Let's see how Savage replied.


Dr. Miletski is a psychotherapist and a sex therapist, and Dr. Kort is a sex and relationship therapist. Both are certified by the American Association of Sexuality Educators, Counselors, and Therapists, and both are authors—Dr. Miletski literally wrote the book on the subject of mother-son incest: Mother-Son Incest: The Unthinkable Broken Taboo Persists.
"There's no wonder his wife is so upset," said Dr. Miletski. "Sexual relations between mother and son are considered the most taboo form of incest."
As I wrote above, there really isn't a rational reason for her to be upset unless she thinks her spouse was abused and is allowing ongoing abuse. Instead, she appears to be jealous.
"In the mental-health field, we have a growing body of work showing that not everyone who is abused is necessarily traumatized," said Dr. Kort. "I have seen countless men who have been sexually abused by their mothers who do not label it as abuse because they were not traumatized. But his mother seduced him, dismissing the sexual and emotional needs of a teenage boy. There is no other way to describe this other than abuse, however consensual he may have perceived it to be at the time."
Interesting.
"Unfortunately, I don't think his wife will ever be able to put this revelation behind her," said Dr. Miletski. "I think his best bet is to leave her, move on, and seek therapy. A therapist will help him deal with the emotional upset of the breakup with his wife, as well as process what happened with his mother."
A good therapist, even if convincing him he was abused, won't cause the letter to feel like a victim if he or she doesn't already. That's hardly going to leave someone better off.

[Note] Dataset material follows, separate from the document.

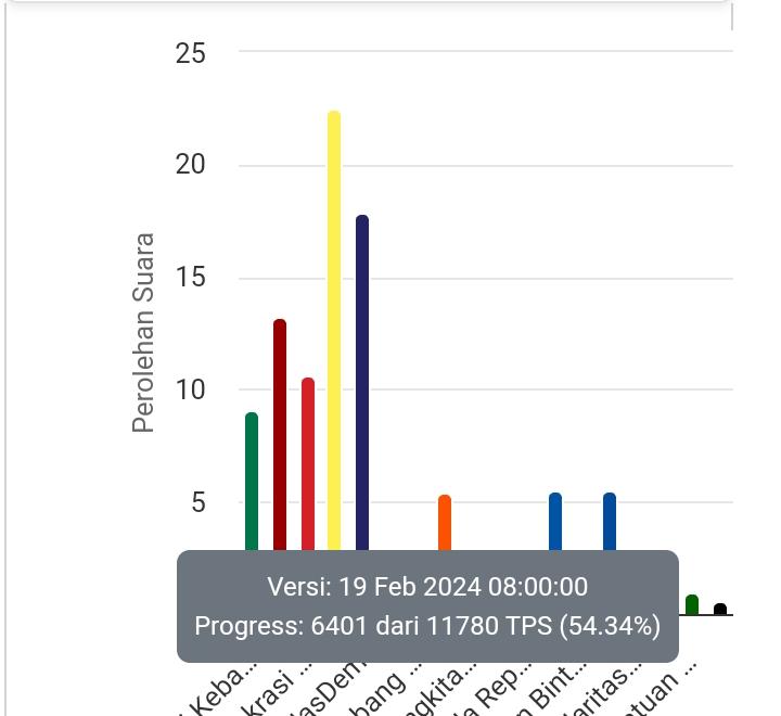 Dimana hasil perhitungan suara sementara yang tercatat di website resmi KPU, Partai Golkar mendominasi suara dengan perolehan 175.502 suara atau 22.52 persen.

Although Savage didn't say so in his answer, he and other advice columnists probably get countless letters from people who've experienced abuse and also people who've had consensual (to be redundant) sexual relationships with a close relative.

Once again, it is important parents raise their children to be independent adults. If, as adults, those children want to enter into a consanguinamorous relationship with a parent, they should be free to do so. There's no good reason to deny them that right.